5. "Nurse? In the managed care era? Sure, and maybe if you plant a Truffula seed, the Lorax and all his friends will come back too."

6. "Nurse? This is 2005--do I look like I've been lured here from some impoverished Asian or African nation whose health system has gone completely to hell? Do I look like I cry every day because my own children are thousands of miles away?"

7. "Sir, let's be real.

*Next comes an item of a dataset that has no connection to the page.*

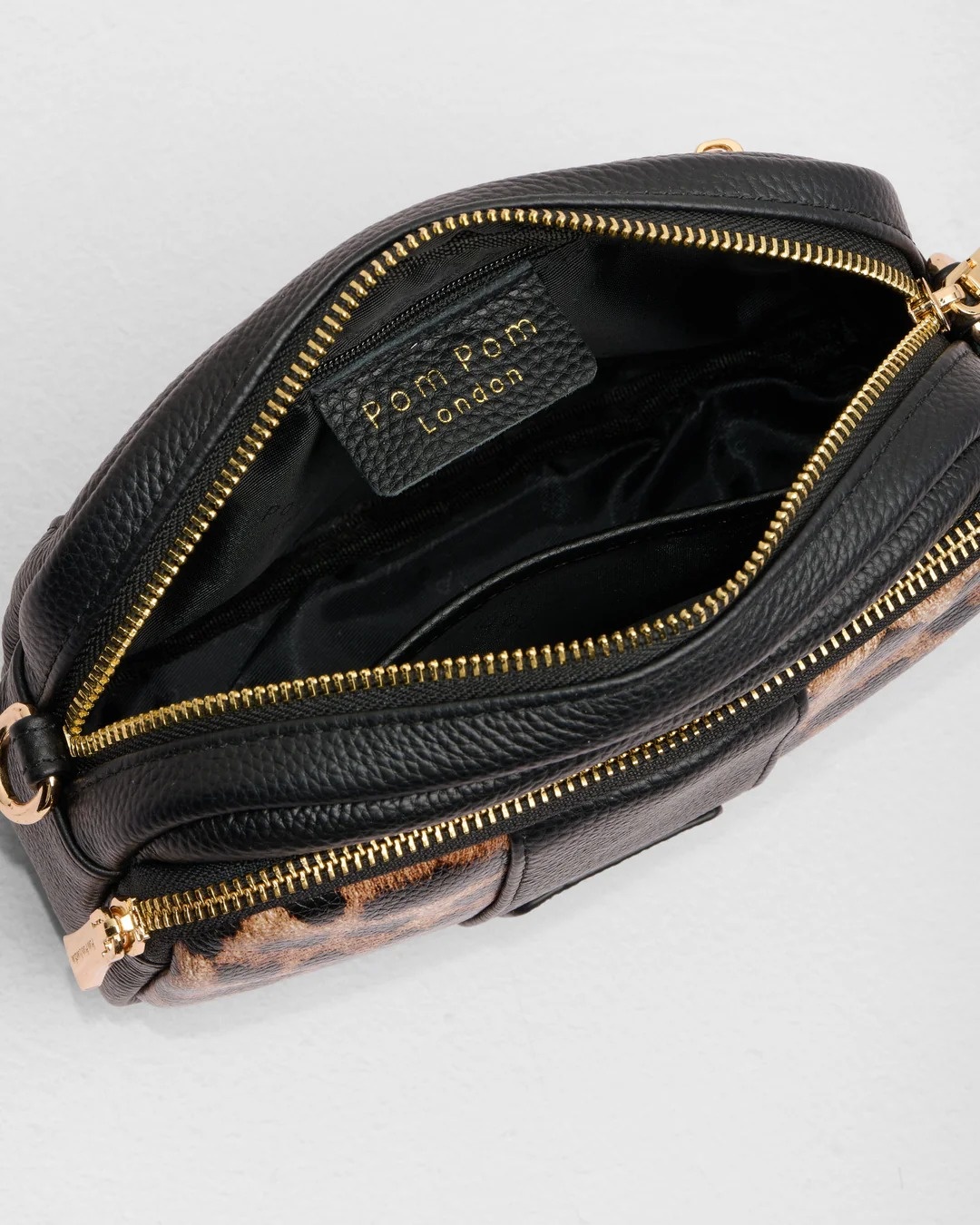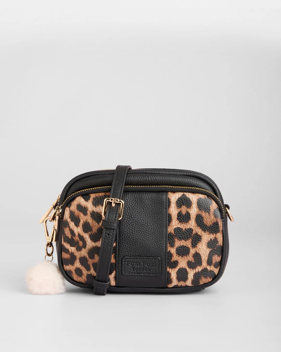 The Original Bag in Leopard Print Black is a warm, soft take on statement style. Rich black leather paired with leopard print details creates a standout look that feels modern yet timeless, and it has three external zip compartments for added convenience. Its detachable strap allows you to mix it up by using other Pom Pom London straps, and a double reinforced leather base provides durability. Designed in the UK.

Do you think a nurse would spend this much time at your bedside, monitoring and talking to you at length about your critical condition, providing vital physical and emotional support in spite of your oppositional personality, and trying to explain the incomprehensible techno-babble that comes out of most physicians' mouths, so you can make an informed decision about your care? Haven't you ever seen 'ER?'"

8. "Don't you call me a nurse again. Just because I couldn't hack it as a nurse, that's no reason..." (uncontrollable sobbing)

9. "Ahh...I gather you don't like our nurse-centered model of care." (Picking up a phone.) "Hello, is this psych.?"

10. "Don't worry, sir--the nurses only help the patients we want to live."